Судьба моя сложилась так, что службу на подводном флоте я начал уже сформировавшимся морским офицером. Окончив в 1954 г. Высшее ВМУ имени М.В. Фрунзе (ныне Морской корпус Петра Великого), я был назначен минным офицером на базовый тральщик "Дмитрий Лысов" 94-й бригады траления БФ, несмотря на то что по медицинским показателям был признан годным для службы на подводных лодках и аттестован на должность командира торпедной группы ПЛ.
И не моя вина в этом, но было указание сверху: "фрунзаков" (так называли выпускников нашего училища) на ПЛ не назначать, поскольку офицеры-подводники уже выпускались Балтийским высшим ВМУ.
Так что на подводные корабли пути для меня были практически закрыты. На тральщике мне довелось участвовать в боевом тралении акваторий Балтийского моря.
Минная обстановка на Балтике долгие годы после войны оставалась сложной и опасной для судоходства. Так, каждый год после вскрытия льдов и ледохода в акватории Финского залива появлялось до 5-10 плавающих мин, сорванных при ледоходе с якорей. Да и мы при контрольных тралениях миноопасных районов периодически вытравливали и якорные мины и ликвидировали оставшиеся донные. В 1959 г. я был переведен на СФ и назначен помощником командира сторожевого корабля "Леопард" (проект 50).
АТТЕСТАЦИЯ ПОМОГЛА ТОЛЬКО В 1961-м.
В конце 1950-х - начале 1960-х гг. наш ВМФ переживал очередной, извините за выражение, погром, инициированный первым "перестройщиком" и "великим специалистом" по кукурузе Хрущевым, заявившим, что военный флот годится только для визитов и парадов, поэтому все крейсера надо "распилить" (это его выражение), а все задачи обороны страны решат "ракеты" (?!).
Тогда и были утилизированы новейшие крейсера, значительная часть корабельного состава надводного флота пошла на консервацию, в том числе и мой СКР "Леопард".
Должность помощника командира сторожевика, находящегося в консервации, сокращалась, поэтому кадровики СФ начали искать мне другую службу.
Ракетный подводный крейсер стратегического назначения проекта 667-А.
Хорошо помню, какое отвратительное было настроение, когда настойчиво и чуть ли не принудительно кадровики предлагали перейти в РВСН или Войска ПВО - оба эти виды ВС как раз начинали свою историю и интенсивно развертывались, в том числе и за счет кадров офицерского состава ВМФ.
Категорически отказался от нескольких береговых должностей, в том числе и от должности "офицера генеральных проверок" РВСН.
В конце концов (помогла моя лейтенантская аттестация) меня назначили в 1961 г. помощником командира дизельной ракетной подводной лодки К-118 проекта 629.
Эта ПЛ была оснащена ракетным комплексом Д-2 с тремя пусковыми установками баллистических ракет (БР) Р-13.
Скажу прямо, я был очень доволен таким назначением - кончились "скитания" по коридорам кадровых "присутствий", нудные уговоры и угрозы кадровиков, в том числе и "сухопутных".
Командовал моей К-118 капитан 2-го ранга Кирилл Курдин (отец известного в ВМФ председателя Санкт-Петербургского клуба моряков-подводников капитана 1-го ранга Игоря Курдина).
Лодка находилась в составе 140-й отдельной бригады ПЛ СФ, дислоцирующейся в губе Оленьей.

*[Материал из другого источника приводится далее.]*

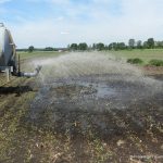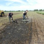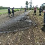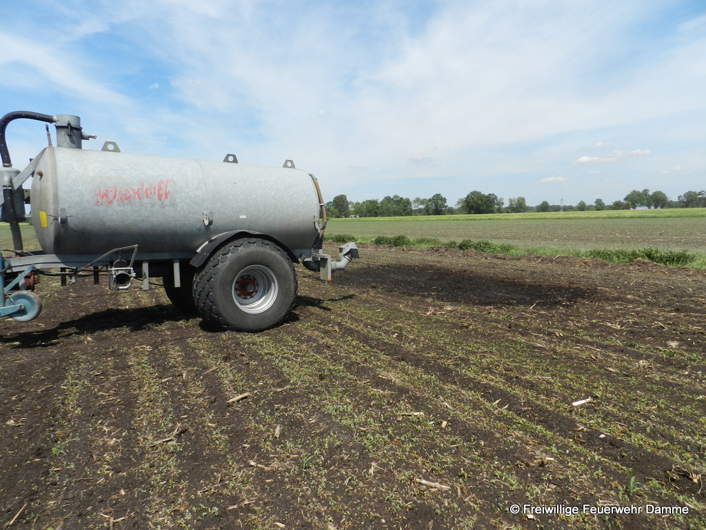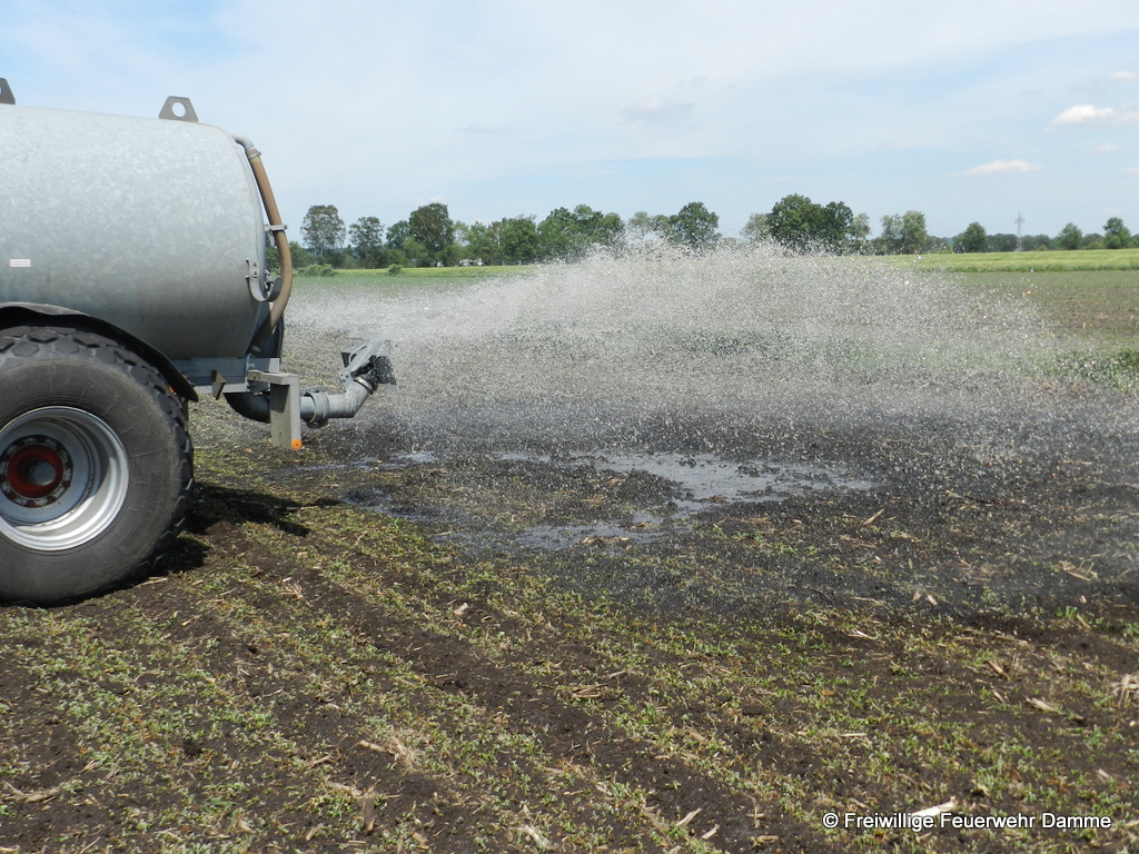 Auf Grund des moorigen Untergrundes war es nicht möglich, die ca. 300 Meter von befestigten Wegen befindliche Einsatzstelle mit den Tanklöschfahrzeugen der Feuerwehr anzufahren. Daher wurde die Brandfläche mit Forken umgegraben und mit Wasser aus dem 400 Liter fassenden Wassertank des Pflanzenschutz Spritzfahrzeuges abgelöscht. Anschließend wurde die Fläche noch von einem Traktor mit Güllefass, welches mit Wasser befüllt war, großflächig bewässert, um ein erneutes aufflammen zu verhindern.

Это было первое в нашем ВМФ соединение ракетных лодок с БР. Надо сказать, что с конца 1950-х гг., несмотря на хрущевский погром надводного флота, шло довольно массовое строительство дизельных ПЛ и начиналось производство атомных.
В то время на флоте было немного офицеров плавсостава, хорошо знавших, как и почему баллистическая ракета "летает" и попадает в назначенную цель. И я не был исключением.
Спустившись в первый раз через рубочный люк в свою ПЛ и пройдя по отсекам, я убедился, что не так все просто, как я представлял.
В курсантскую пору мне довелось быть на практике на двух легендарных ПЛ - "малютке" М-171, которой в войну командовал Герой Советского Союза В. Стариков, и подводном минном заградителе "Лембит".
Эти ПЛ прошли суровую школу Великой Отечественной войны. Конечно, устройство тех подводных кораблей и правила службы на них были проще, чем на ракетной ПЛ, оснащенной ракетно-ядерным оружием и навигационным комплексом с астронавигационной системой.
Пришлось изучать оружие, технические средства и устройство корабля. Методика была проста - на месяц запретил себе "сход на берег", в вечернее время ходил с вахтой на ПЛ. Приходилось проводить там и ночи.
Вникал в отработку вахтой борьбы за живучесть корабля, изучал методом опроса заведование каждого матроса и старшины, находящегося на вахте. А в дневное время исполнял свои непосредственные обязанности помощника командира, от которых меня никто не освобождал.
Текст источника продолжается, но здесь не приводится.